> [TASK DIRECTIONS]:
Give the data again exactly, without images.

> [GIVEN DATA]:
[Start of section]

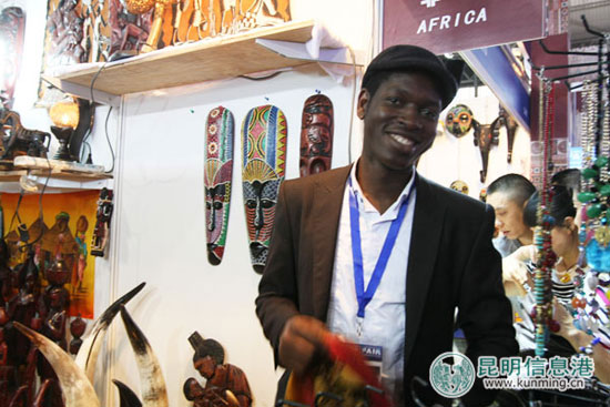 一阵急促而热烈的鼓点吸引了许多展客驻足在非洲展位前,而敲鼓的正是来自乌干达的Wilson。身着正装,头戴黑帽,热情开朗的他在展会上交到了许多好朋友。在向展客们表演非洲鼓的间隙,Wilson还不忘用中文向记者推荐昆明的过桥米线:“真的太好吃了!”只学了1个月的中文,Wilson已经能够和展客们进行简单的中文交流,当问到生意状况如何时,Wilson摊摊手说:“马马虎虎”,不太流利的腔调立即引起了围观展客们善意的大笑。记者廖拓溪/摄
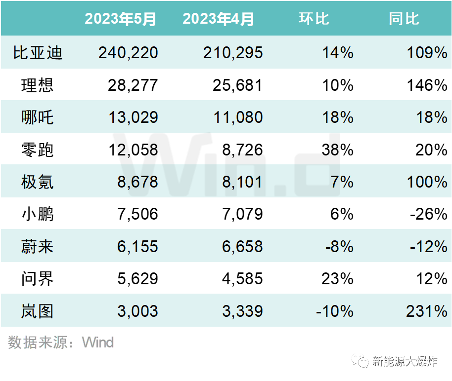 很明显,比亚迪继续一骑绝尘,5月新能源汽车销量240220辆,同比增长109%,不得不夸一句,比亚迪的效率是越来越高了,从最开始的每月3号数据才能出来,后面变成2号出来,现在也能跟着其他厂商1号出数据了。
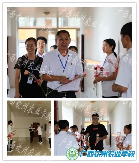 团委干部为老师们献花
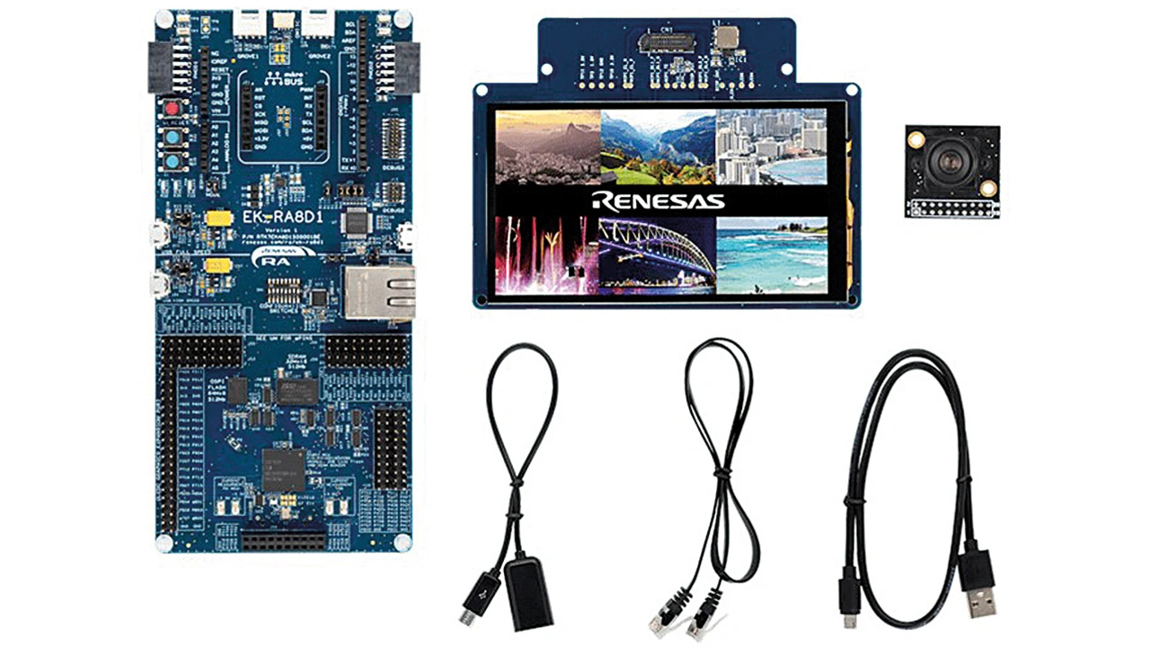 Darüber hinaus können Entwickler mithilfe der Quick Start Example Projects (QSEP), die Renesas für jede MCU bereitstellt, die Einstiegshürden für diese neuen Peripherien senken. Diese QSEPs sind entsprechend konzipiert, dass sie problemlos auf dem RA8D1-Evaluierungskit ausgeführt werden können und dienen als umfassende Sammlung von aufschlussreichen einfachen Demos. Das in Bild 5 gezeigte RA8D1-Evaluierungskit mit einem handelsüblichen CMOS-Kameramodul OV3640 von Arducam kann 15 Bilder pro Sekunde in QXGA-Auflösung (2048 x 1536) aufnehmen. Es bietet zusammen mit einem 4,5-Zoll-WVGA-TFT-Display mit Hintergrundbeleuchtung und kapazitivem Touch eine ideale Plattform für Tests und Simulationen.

[End of section]

> [COMPLETED TASK]:
 一阵急促而热烈的鼓点吸引了许多展客驻足在非洲展位前,而敲鼓的正是来自乌干达的Wilson。身着正装,头戴黑帽,热情开朗的他在展会上交到了许多好朋友。在向展客们表演非洲鼓的间隙,Wilson还不忘用中文向记者推荐昆明的过桥米线:“真的太好吃了!”只学了1个月的中文,Wilson已经能够和展客们进行简单的中文交流,当问到生意状况如何时,Wilson摊摊手说:“马马虎虎”,不太流利的腔调立即引起了围观展客们善意的大笑。记者廖拓溪/摄
 很明显,比亚迪继续一骑绝尘,5月新能源汽车销量240220辆,同比增长109%,不得不夸一句,比亚迪的效率是越来越高了,从最开始的每月3号数据才能出来,后面变成2号出来,现在也能跟着其他厂商1号出数据了。
 团委干部为老师们献花
 Darüber hinaus können Entwickler mithilfe der Quick Start Example Projects (QSEP), die Renesas für jede MCU bereitstellt, die Einstiegshürden für diese neuen Peripherien senken. Diese QSEPs sind entsprechend konzipiert, dass sie problemlos auf dem RA8D1-Evaluierungskit ausgeführt werden können und dienen als umfassende Sammlung von aufschlussreichen einfachen Demos. Das in Bild 5 gezeigte RA8D1-Evaluierungskit mit einem handelsüblichen CMOS-Kameramodul OV3640 von Arducam kann 15 Bilder pro Sekunde in QXGA-Auflösung (2048 x 1536) aufnehmen. Es bietet zusammen mit einem 4,5-Zoll-WVGA-TFT-Display mit Hintergrundbeleuchtung und kapazitivem Touch eine ideale Plattform für Tests und Simulationen.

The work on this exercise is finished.